Wednesday, June 12, 2024

Lens Via Krauss’s Essay

                                      (amazon.com)


Recently, while attending the opening of The Weird and the Eerie at The Page Gallery in Seoul, I couldn’t help but think of Rosalind Krauss’s provocative ideas expressed in her seminal work, The Originality of the Avant-Garde and Other Modernist Myths, against the backdrop of a talented group of artists.
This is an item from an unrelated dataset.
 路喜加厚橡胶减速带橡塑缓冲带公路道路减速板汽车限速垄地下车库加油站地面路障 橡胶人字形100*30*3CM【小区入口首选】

The artists featured in the exhibition—Eunsil Lee, Jinn Bronwen Lee, Hyunwoo Lee, and Jin Han—employ various strategies to subvert conventional notions of representation and meaning. Eunsil Lee’s use of traditional Korean painting materials and techniques to explore taboo instincts and desires resonates with Krauss’s critique of the “grid” as a modernist trope. By metaphorically representing the fragmentation of individuals and the disintegration of communities through twisted spaces, body parts, and distorted animal forms, Lee challenges the grid’s supposed neutrality and universality.
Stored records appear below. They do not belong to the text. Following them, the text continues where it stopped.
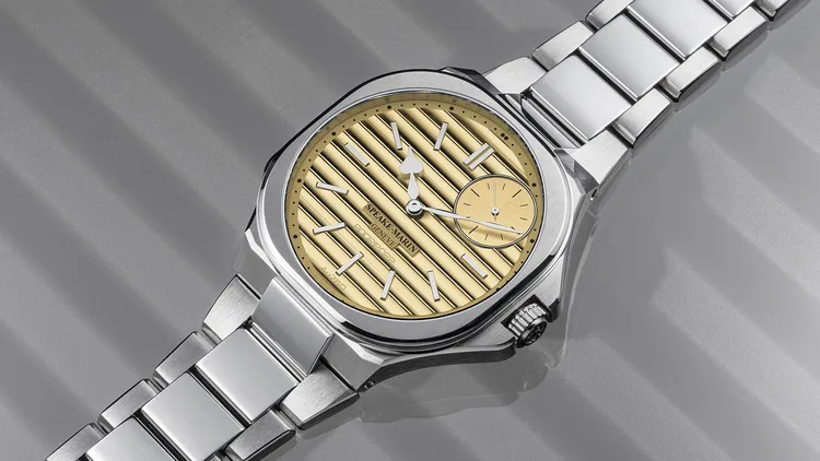 Speake-Marin在今年3月於Temptation系列下推出Ripples腕錶,枕型錶殼搭配圓形錶圈設計,洋溢運動風格,面盤的波浪紋設計也成為一大特色。在品牌20周年之際,即以Ripples腕錶延伸打造20周年紀念錶,採用精鋼錶殼,錶徑40.3mm,面盤則採用18K金材質呈現波浪線條刻紋,閃耀的光彩即如陽光照射下水面反光的漣漪。面盤功能配置有偏心小秒盤,並鑲貼品牌標誌與「2002|2022」的創立年份字樣。
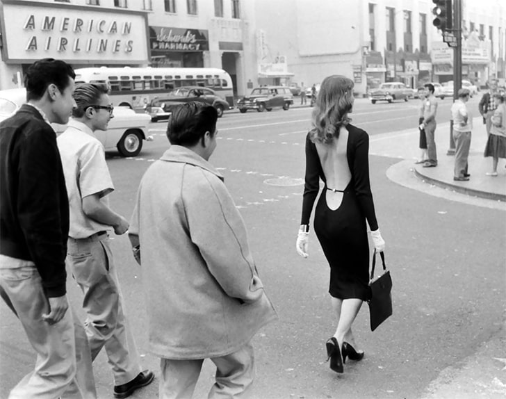 Vikki Dougan, quizás la modelo más infravalorada de los años 50, capturó la atención con su audaz vestido de espalda descubierta en esta icónica fotografía de Ralph Crane.
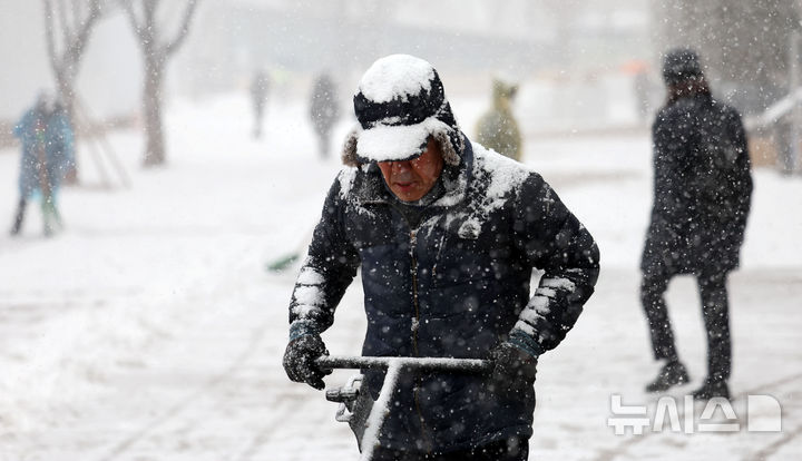 [서울=뉴시스] 홍효식 기자 = 서울 전역에 대설주의보가 발효된 6일 서울시청 앞에서 관계자가 제설작업을 하고 있는 가운데 모자와 외투 위로 눈이 쌓여있다. 2026.02.06. [email protected]
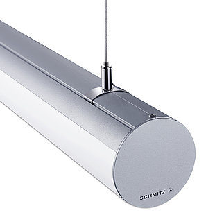 Die Aufhängung wird werkzeuglos mit Clips am Leuchtenkörper befestigt, diese können analog zu den Aufhängepunkten stufenlos verschoben werden.
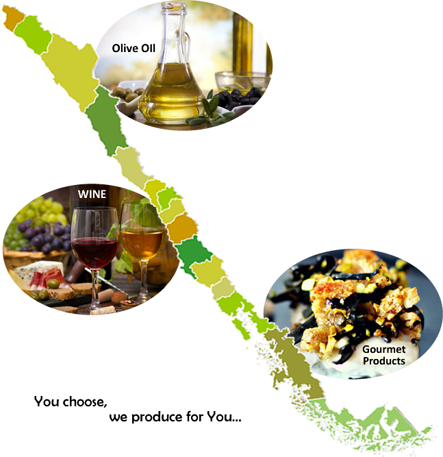 extra virgin olive oil, wine, nuts, and other products.
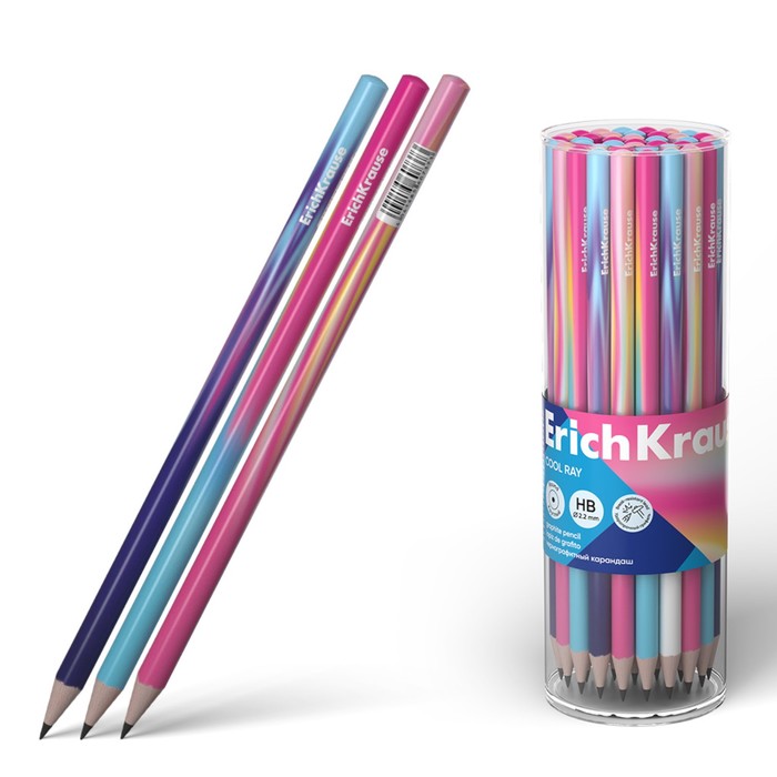 Карандаш чернографитный Erich Krause "CoolRay," HB, дерево. грифель, d = 2.2 мм, корпус круглый, металлик микс
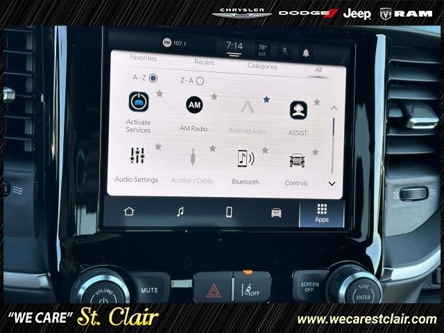 115V Auxiliary Power Outlet, 2nd Row in Floor Storage Bins, 3 Rear Seat Head Restraints, 33 Gallon Fuel Tank, 4 Way Front Headrests, 4-Wheel Disc Brakes, 400W Inverter, 48V Belt Starter Generator, 4G LTE Wi-Fi Hot Spot, 6 Speakers, ABS brakes, Air Conditioning, Alloy wheels, AM/FM radio, Apple CarPlay, Apple CarPlay/Android Auto, Auto High-beam Headlights, Auto Power-Folding Mirrors, Auto-Dimming Exterior Driver Mirror, Auto-Dimming Rear-View Mirror, Big Horn Level 1 Equipment Group, Black Exterior Mirrors, Black Premium Power Mirrors, Body Color Fender Flares, Brake assist, Bucket Seats, Bumpers: chrome, Center Console Parts Module, Cloth Bucket Seats, Compass, Connectivity - US/Canada, Convex Wide-Angle Exterior Mirror Insert, Delay-off headlights, Deluxe Cloth Bucket Seats, Driver door bin, Dual front impact airbags, Dual front side impact airbags, Electronic Stability Control, Exterior Mirrors Courtesy Lamps, Exterior Mirrors with Heating Element, Exterior Mirrors with Supplemental Signals, Front anti-roll bar, Front Bucket Seats, Front Center Armrest w/Storage, Front fog lights, Front reading lights, Front Seat Back Map Pockets, Front wheel independent suspension, Full Length Floor Console, Fully automatic headlights, Global Telematics Box Module, Glove Box Lamp, Google Android Auto, GPS Antenna Input, Heated door mirrors, Heated Front Seats, Heated Steering Wheel, Illuminated entry, Integrated Center Stack Radio, Integrated Voice Command with Bluetooth®, Leather Wrapped Steering Wheel, Low tire pressure warning, Manual Adjust 4-Way Driver Seat, Manual Adjust 4-Way Front Passenger Seat, Manual Folding Exterior Mirrors, Manufacturer's Statement of Origin, Occupant sensing airbag, Outside temperature display, Overhead airbag, Overhead console, Panic alarm, ParkView Rear Back-Up Camera, Passenger door bin, Passenger vanity mirror, Power 2-Way Driver Lumbar Adjust, Power Adjust 8-Way Driver Seat, Power Adjustable Pedals, Power door mirrors, Power steering, Power windows, Quick Order Package 27Z Big Horn, Radio data system, Radio: Uconnect 5 W with 8.4 Display, RAM Grille Badge - Chrome, Rear 60/40 Folding Seat, Rear anti-roll bar, Rear Center Armrest, Rear Dome with on/Off Switch Lamp, Rear Power Sliding Window, Rear step bumper, Rear Window Defroster, Remote keyless entry, SiriusXM Radio Service, SiriusXM Satellite Radio, Speed control, Steering Wheel Mounted Audio Controls, Sun Visors with Illuminated Vanity Mirrors, Supplier Part Tracking (J-1), Tachometer, Telescoping steering wheel, Tilt steering wheel, Traction control, Trip computer, Universal Garage Door Opener, USB Host Flip, Variably intermittent wipers, Voltmeter, Wheels: 20 x 9 Aluminum Chrome Clad.

Jinn Bronwen Lee’s irregularly shaped canvases filled with dark colors and textures further disrupt the modernist grid, echoing Krauss’s notion of the “expanded field.” By embracing deviation and decomposition as a means to find balance, Lee’s paintings become vessels for accommodating and fermenting existential processes, much like Krauss’s understanding of sculpture as a medium that occupies the space between landscape and architecture.
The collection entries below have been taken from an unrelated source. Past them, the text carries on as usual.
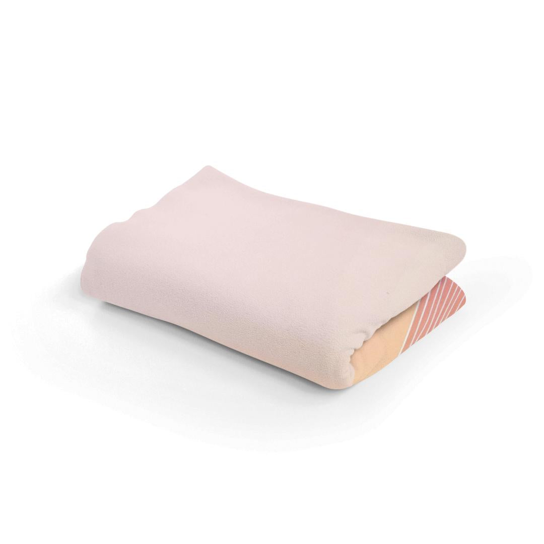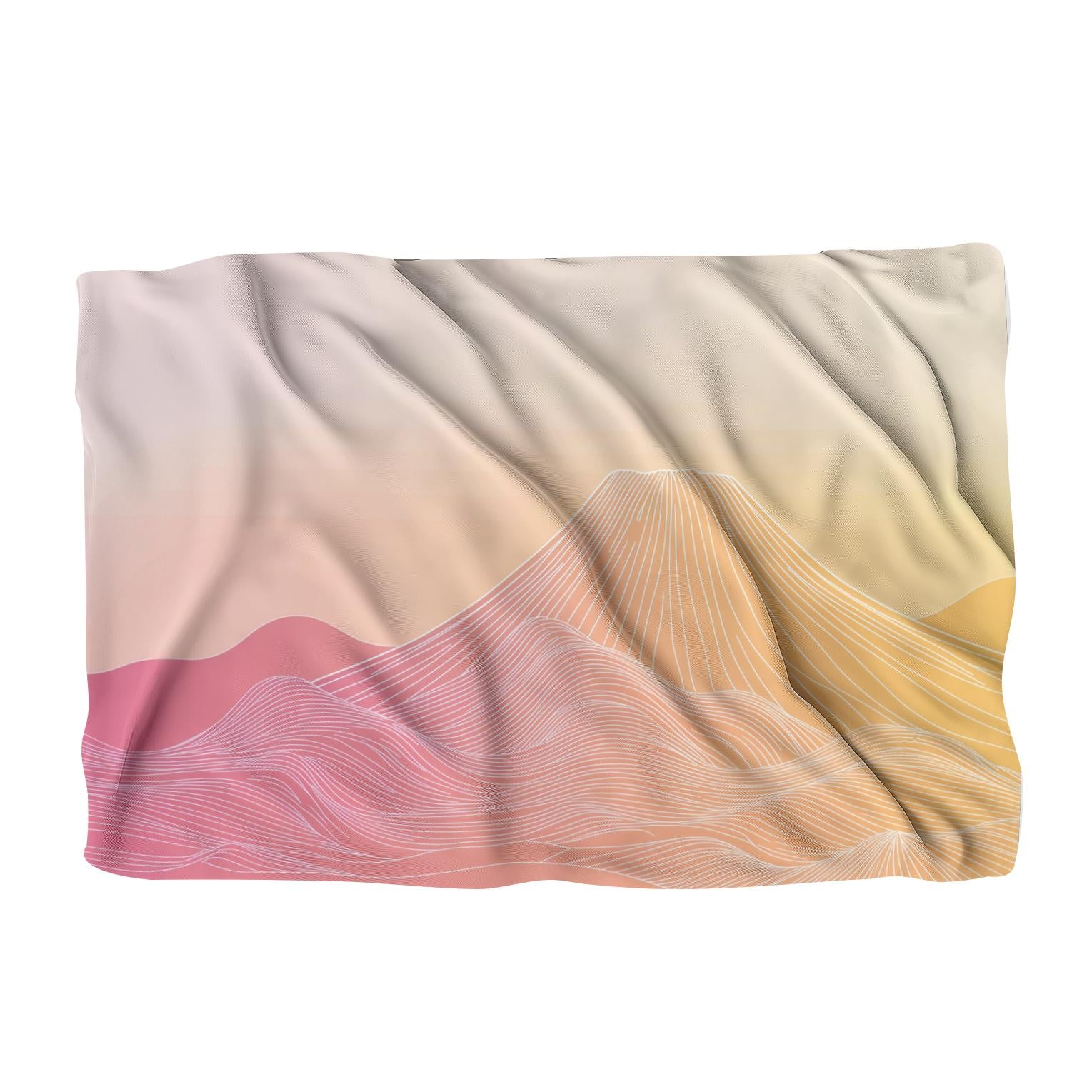 Wrap yourself in the serene beauty of a stylised mountain landscape. This blanket features a refreshing gradient of peach and pink hues, illuminated by a soft orange sky. Graceful lines trace the contours of rolling hills and majestic peaks, creating a tranquil and inviting tableau. Perfect for adding a touch of calm sophistication to any room.
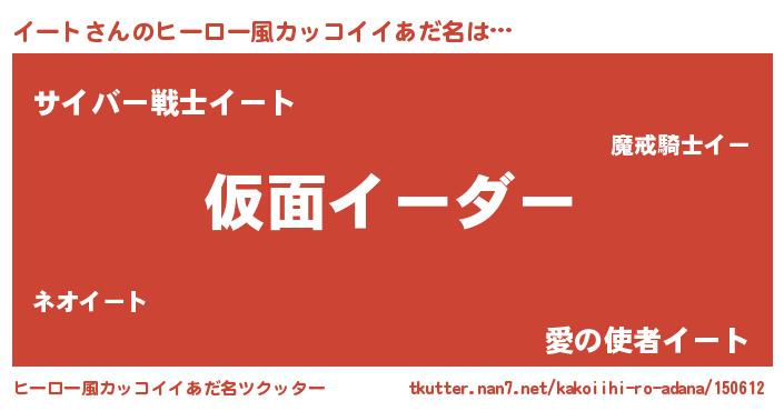 | 男性向けラノベタイトル風あだ名 | 『この素晴らしい世界にイートを!』 |
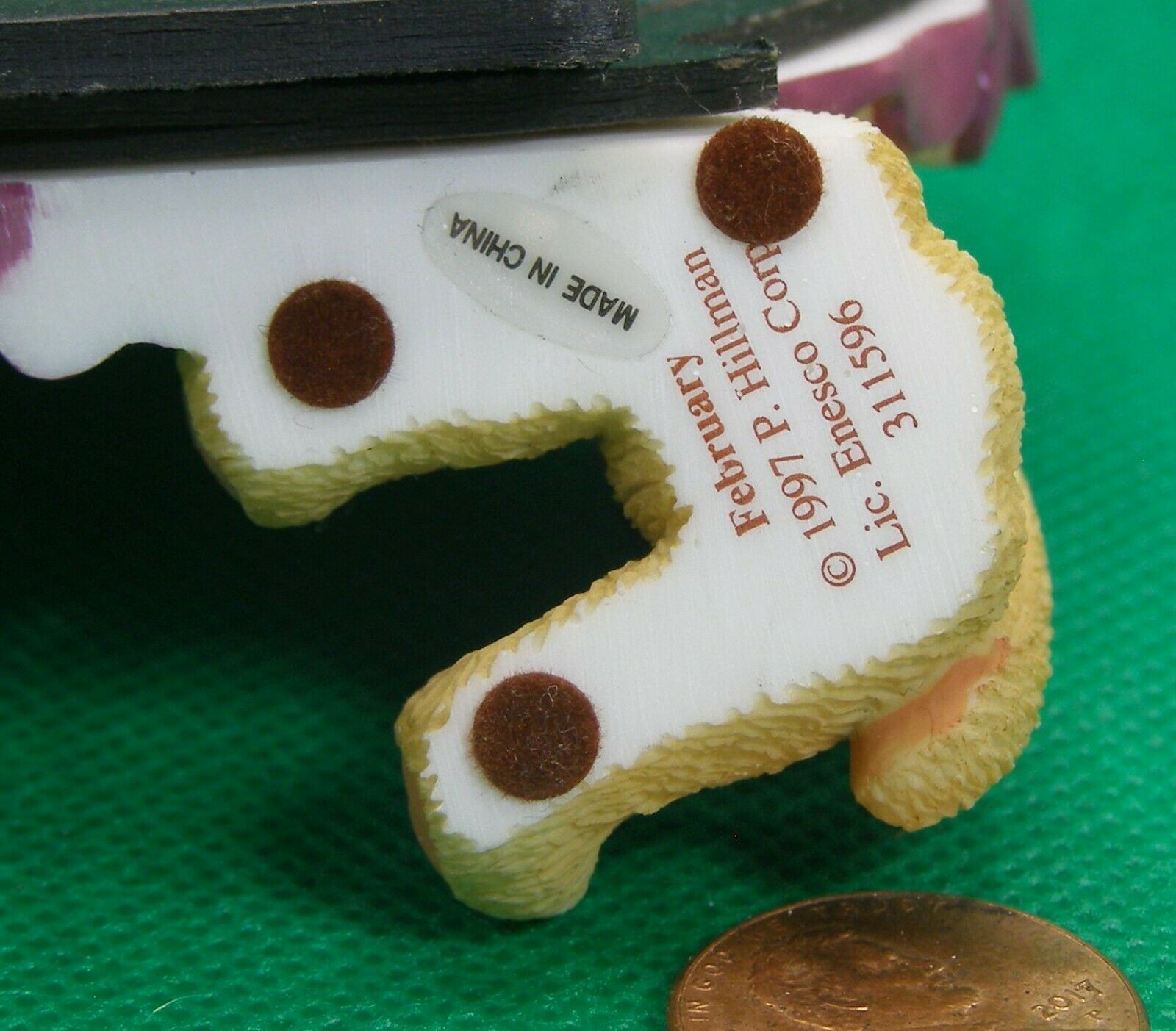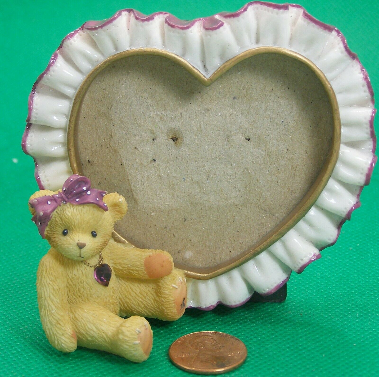Enesco Figurine Cherished Teddies Miniature "February" & Frame 1997 Amethyst

Hyunwoo Lee’s deconstruction and recombination of isolated parts of natural objects resonate with Krauss’s critique of the modernist fetishization of the medium. By eliminating conventional values and standards and horizontally positioning these elements as forms of matter, Lee challenges the notion of medium specificity and explores the essence of existence through a visual experience that redefines the perception of objects.


Finally, Jin Han’s attempt to visualize invisible states through meticulous drawings and multi-layered oil paintings evokes Krauss’s notion of the “optical unconscious.” By using unique sound waves to scan the unseen cracks and surfaces of the world, Han’s canvases, filled with roughness and smoothness, regularity and irregularity, challenge the modernist privileging of vision and invite viewers to engage with the strange and abstract as a means to access deeper truths.


Overall, The Weird and the Eerie presents an effective artistic afterword to Rosalind Krauss’s influential collection of essays. Through their unique and compelling pieces, the artists in the exhibition invite viewers to question their assumptions about art, representation, and the human condition.